Di lorong rumah sakit yang sudah menjadi rumah kedua bagi Inara, udara terasa sedikit lebih ringan. Baby Daffa, putra semata wayangnya, menunjukkan kemajuan pesat pascaoperasi jantung. Senyum Bu Farida, yang kini menjaga Daffa sementara Inara, ia harus pergi, menjadi penenang. Namun, ketenangan itu segera digantikan oleh kecemasan saat Nyonya Martha, dengan aura kemewahan yang selalu menyertainya, tiba menjemput.
Inara tahu, hari ini adalah hari pembayaran janji. Janji yang ia ikrarkan demi nyawa putranya.
Nyonya Martha tersenyum tipis, memandang Inara dari ujung rambut ke ujung kaki.
"Jangan khawatirkan Daffa, Inara.
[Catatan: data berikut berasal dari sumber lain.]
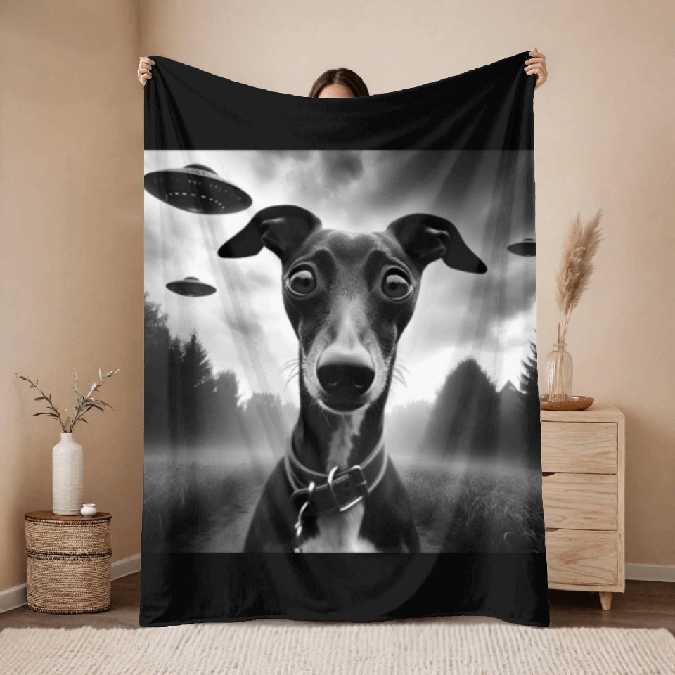 Shop for attractive Italian Greyhound Funny Graphic Selfie with UFO We Throw Blankets or see more Throw Blankets products on https://printblur.com right now!
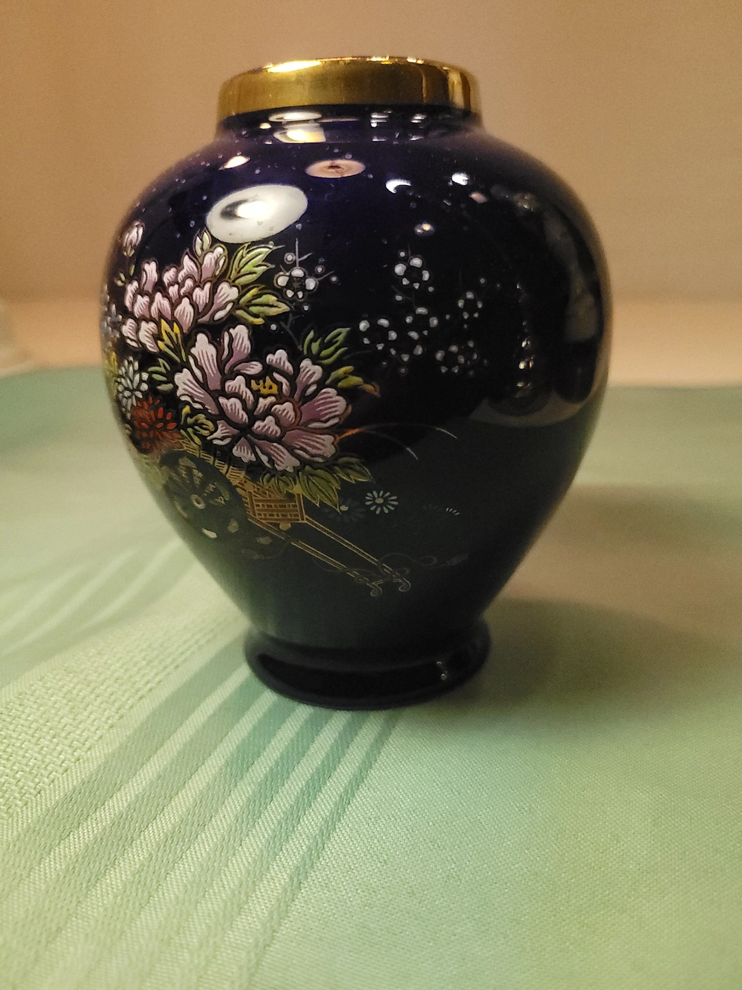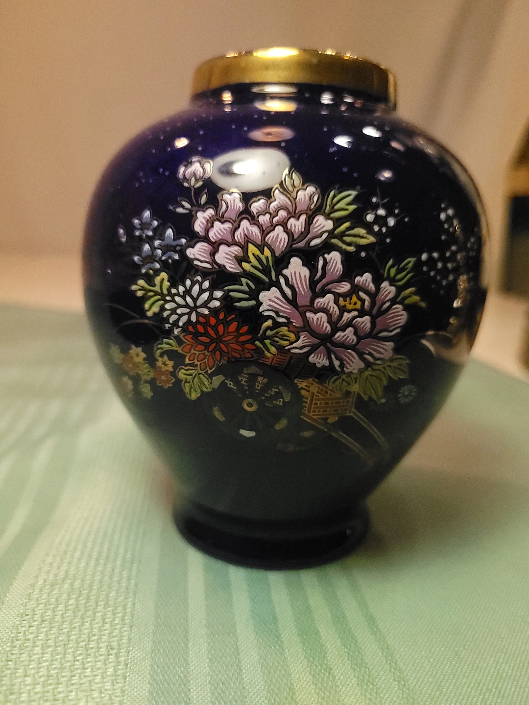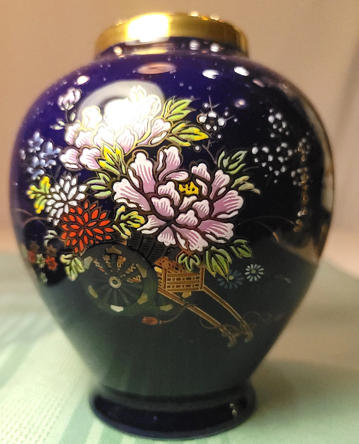 1960s Japanese Cobalt Blue Porcelain Vase - Flower Cart Vintage

Farida akan menjaganya dengan baik. Sekarang, giliranmu mengurus diri sendiri. Kita tidak punya banyak waktu."
"Baik, Nyonya. Saya mengerti. Terima kasih sudah membantu Daffa. Saya akan menepati janji saya." Ucap Inara pelan, penuh kepasrahan
"Bagus, sekarang masuklah ke mobil. Malam ini, kau harus membuat Rayyan terkesima.
Inara mengangguk, hatinya terasa berat. Ia melangkah menuju mobil mewah Nyonya Martha. Ini bukan lagi tentang Inara, melainkan peran yang harus ia mainkan demi masa depan Daffa.
Perjalanan Inara berlanjut ke sebuah kawasan butik dan salon paling eksklusif di kota Jakarta. Di sana, Inara diserahkan sepenuhnya kepada para ahli. Rambutnya ditata, kulitnya dirawat, dan wajahnya dipoles dengan riasan yang menonjolkan kecantikan alaminya.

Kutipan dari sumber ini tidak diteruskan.